Explanation of how to go from polar to parametric equations.

I was wondering how you can make a polar equation parametric, and I just don't get it. My book says that for $r = f(\theta)$, $x = f(t) \cos t$ and $y = f(t) \sin t$, but this makes absolutely no sense to me.

If you need an example problem, $r = \frac{4}{2 - \cos \theta}$ would work very well. Thanks in advance.

In your example, $f(\theta) = \dfrac{4}{2 - \cos \theta}$. Therefore, your parametric equations would be \begin{align*} x(t) &= f(t) \cos t = \frac{4}{2 - \cos t} \cos t = \frac{4 \cos t}{2 - \cos t}, \\ y(t) &= f(t) \sin t = \frac{4}{2 - \cos t} \sin t = \frac{4 \sin t}{2 - \cos t}. \end{align*} That is it.

The reason why this works is because a polar curve can be interpreted as a special kind of parametrization, where the parameter $t$ is the angle $\theta$ as measured counterclockwise from the positive $x$-axis; and the radius $r$ is broken into its horizontal ($x$) and vertical ($y$) components via the relationship $x = r \cos \theta$, $y = r \sin \theta$. Since $r$ is a function of angle $\theta$, then $x$ and $y$ become a function of $\theta$ and in turn the parameter $t = \theta$.
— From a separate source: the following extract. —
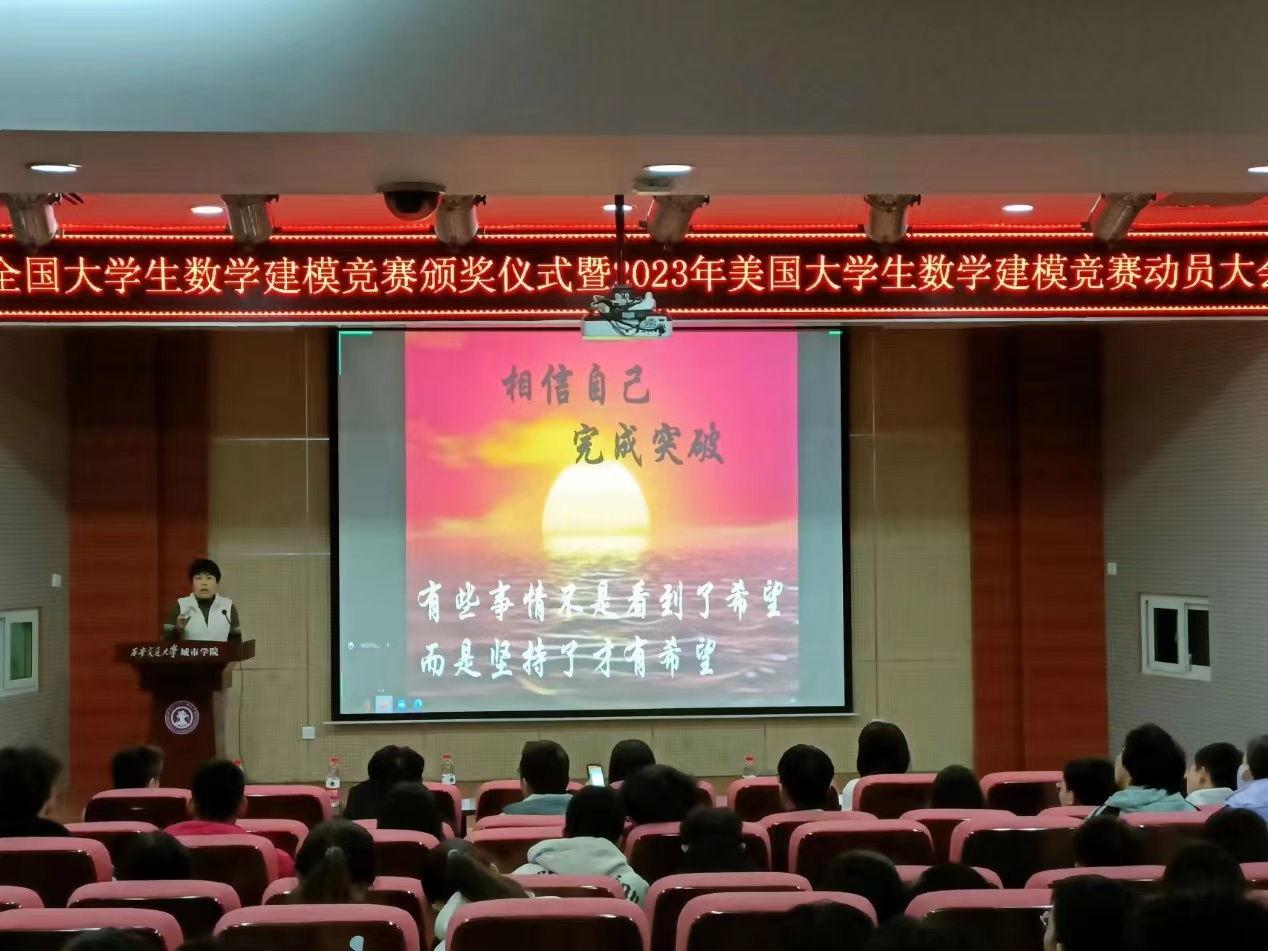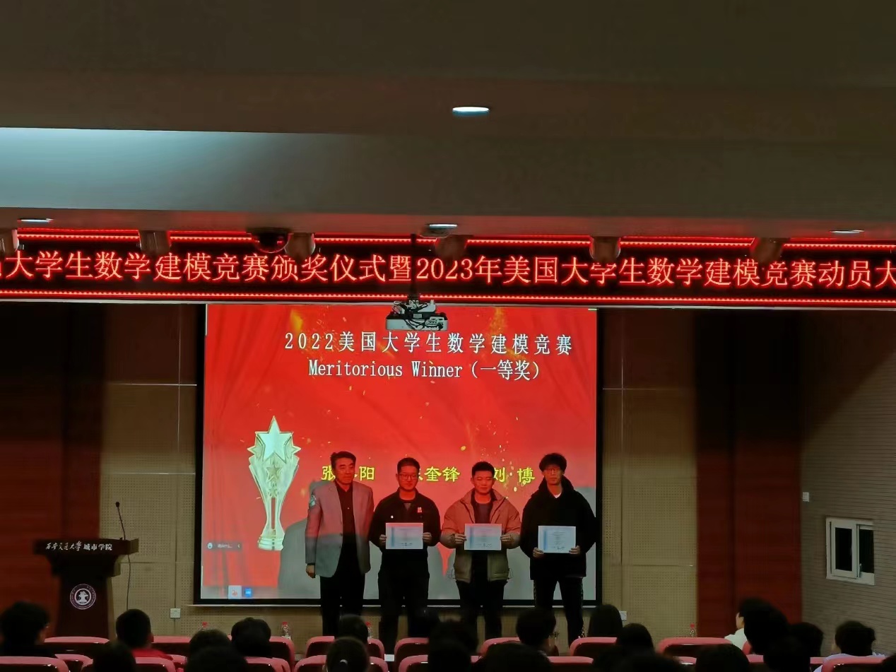 11月24日,由数学教学部、数学建模协会组织,在F100会场举行了2022年度数学建模竞赛表彰暨2023美国大学生数学建模竞赛动员大会。参加本次会议的有学院副院长朱旭,校团委茹静书记、数学教学部主任张世梅教授、数学教学部指导教师和2022年数学建模竞赛获奖学生代表及各系部分学生。会议采取线上线下相结合的方式进行。

In two dimensions you have:

$$x=r\cos(\theta)$$ $$y=r\sin(\theta)$$

So, taking the square of both equations and summing them you get:

$$r^2=x^2+y^2$$

$$r = \sqrt{x^2+y^2}$$

Now we'll get the relation for $\theta$. Dividing the second equation over the first one:

$$\frac{y}{x}=\frac{\sin (\theta)}{\cos (\theta)}$$

$$\frac{y}{x}=\tan(\theta)$$

$$\theta=\arctan \frac{y}{x}$$

There you have the inverse change of variables for polar coordinates.